Problem: Exactly reproduce the lines from the one containing "8月7日,正值暑期,河南洛陽" through the last line of the data, both ends included, leaving out pictures.

*** Block opens ***

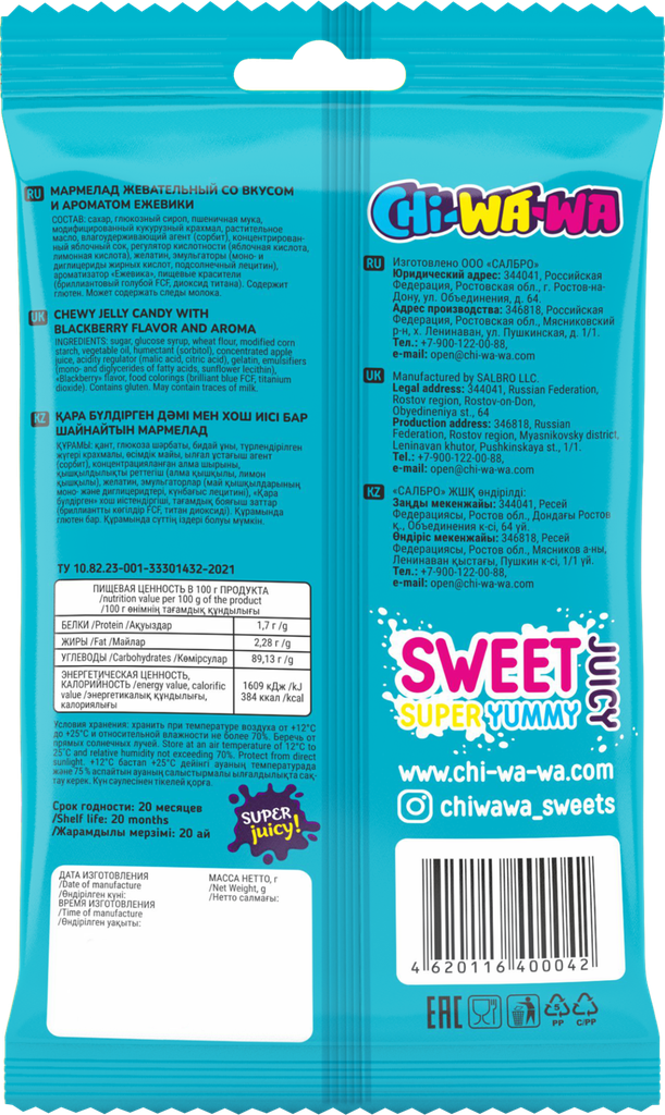 | Состав | Сахар, глюкозный сироп, пшеничная мука, модифицированный кукурузный крахмал, растительное масло, влагоудерживающий агент (сорбит), концентрированный яблочный сок, регулятор кислотности (яблочная кислота, лимонная кислота), желатин, эмульгаторы (моно- и диглицериды жирных кислот, подсолнечный лецитин), ароматизатор Ежевика, пищевые красители (бриллиантовый голубой FCF, диоксид титана). |
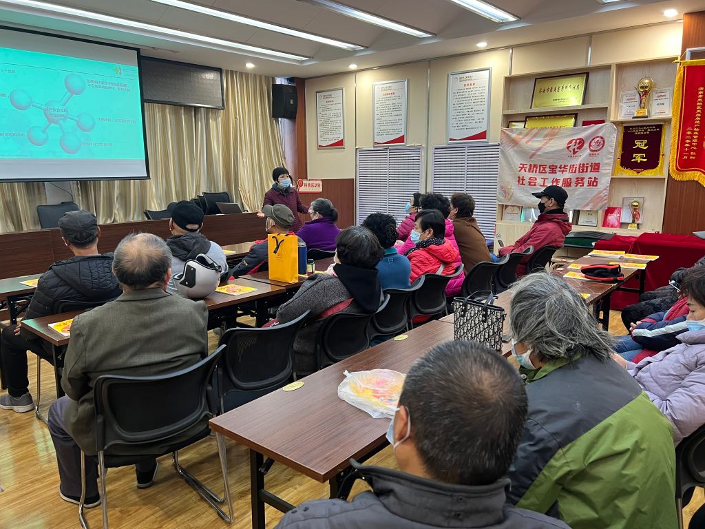 秉冬将至寒风萧瑟,冬季是老年人心血管疾病高发的季节,为降低老年人心血管疾病的发病率,提高老年人自我防护意识,宝华街街道社工站于11月17日开展冠心病预防和治疗知识讲座活动。
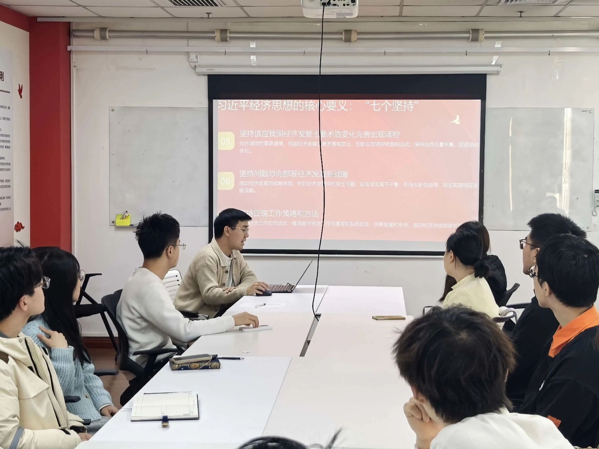 为帮助同学们深刻领会习近平经济思想的核心要义,准确把握中央经济工作会议的精神实质与实践要求,引导青年学生在国家发展大局中找准成长坐标,12月24日,控制学院团委研究生中心于海山楼B1103组织开展“深入学习贯彻习近平经济思想”青年成长沙龙活动。本次活动由研究生辅导员庞俊康担任主讲人。
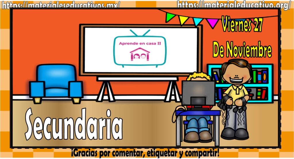 Amigos, compañeros docentes, padres de familia y alumnos que nos visitan, como ya es costumbre nosotros les proporcionaremos las clases contempladas para observarse en la TV del programa aprende en casa II. En esta oportunidad les queremos proporcionar las preguntas y videos de aprender en casa II mis clases de secundaria del viernes 27 de noviembre del 2020 del presente ciclo escolar 2020 – 2021, en sí son las preguntas y videos, estaremos seguros que con este material podrá facilitar la realización de las actividades planteadas por parte del programa. Muchas gracias por visitarnos y recuerden que aquí podrán encontrar las preguntas, videos y todas las clases del programa de aprende en casa 2. Recuerden compartir nuestros enlaces en sus redes sociales y etiquetar a sus compañeros y amigos docentes en nuestras publicaciones.
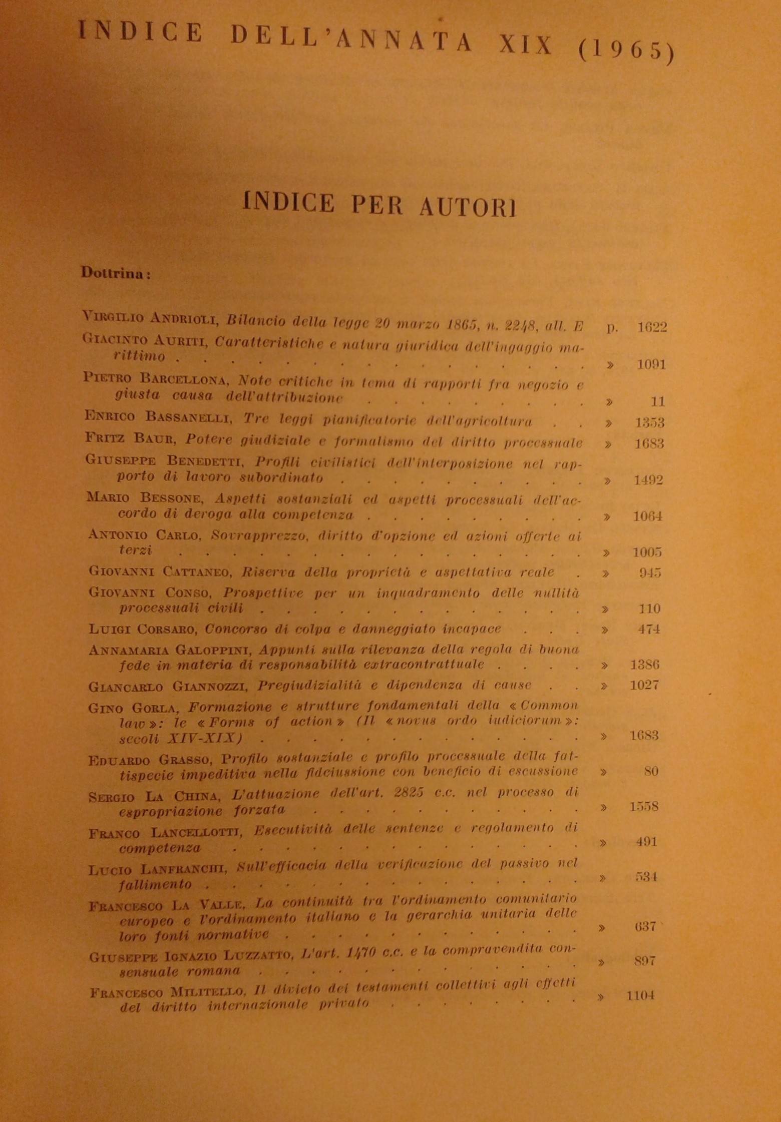 Rivista trimestrale di diritto e procedura civile. Fondata da: A. Cicu e E. Redenti. Diretta da: G. Auletta, E. Bassanelli, T. Carnacini, M. Giorgianni, F. Messineo, S. Pugliatti, F. Santoro Passarelli, S. Satta, A. Segni. Anno XIX - 1965
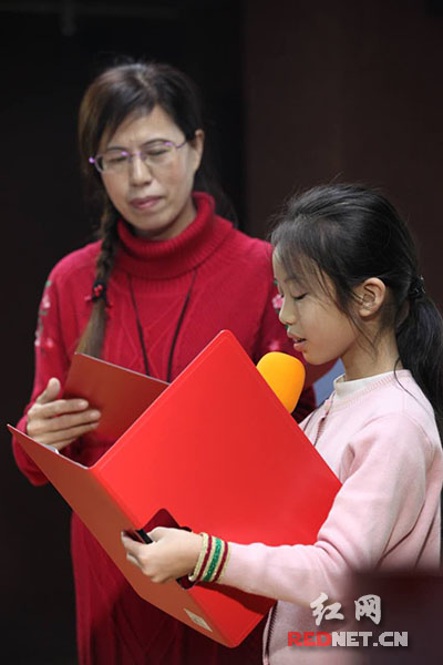 朗读者、长沙市雨花区委宣传部副部长李绍萍朗读《为了母亲的微笑》,讲述了背着老年痴呆母亲跋涉三十公里上下班的人民教师陈斌强的故事。
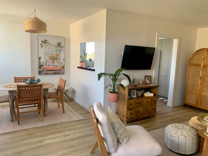 Svetlé „pobrežné boho“ 2-spálňová JEDNOTKA s bazénom a garážou
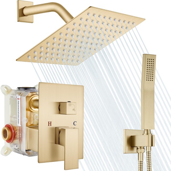 Midanya Rain Shower System Square Rainfall Shower Head Wall Mount Shower Faucet Set with Hand Sprayer Rough-in Valve Trim Kit Bathroom Mixer Shower Combo Set,8 Inch Square Knob,Brushed Gold
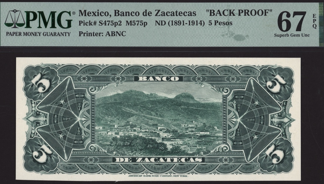 [Top Pop] reverse proof 5 Pesos, ND (1891-1914),
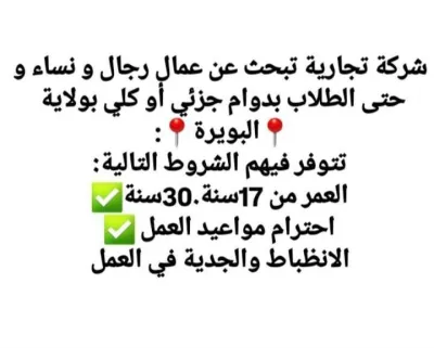 # فرصة عمل في شركة تجارية #Offre_demploi #Travail شركة تجارية تبحث عن موظفين جدد! إذا كنت مهتماً بالانضمام إلينا وا
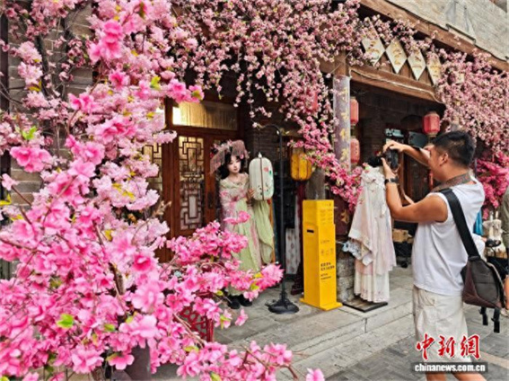 8月7日,正值暑期,河南洛陽(yáng)洛邑古城內(nèi)漢服熱持續(xù)升溫,吸引眾多游客身著古裝拍照打卡。圖為洛邑古城吸引游人拍照。王士豪 攝
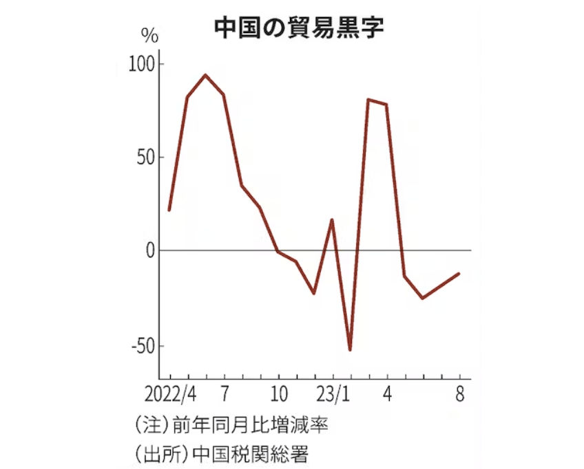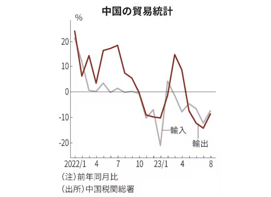 8月の日本からの輸入額は前年同月より17%少なかった。中国は東京電力福島第1原子力発電所の処理水の海洋放出に反発し、日本産の水産物輸入を全面的に停止した。SNSでは日本製化粧品の不買を呼びかける動きも出た。

*** Block closes ***

Solution:
 8月7日,正值暑期,河南洛陽(yáng)洛邑古城內(nèi)漢服熱持續(xù)升溫,吸引眾多游客身著古裝拍照打卡。圖為洛邑古城吸引游人拍照。王士豪 攝
 8月の日本からの輸入額は前年同月より17%少なかった。中国は東京電力福島第1原子力発電所の処理水の海洋放出に反発し、日本産の水産物輸入を全面的に停止した。SNSでは日本製化粧品の不買を呼びかける動きも出た。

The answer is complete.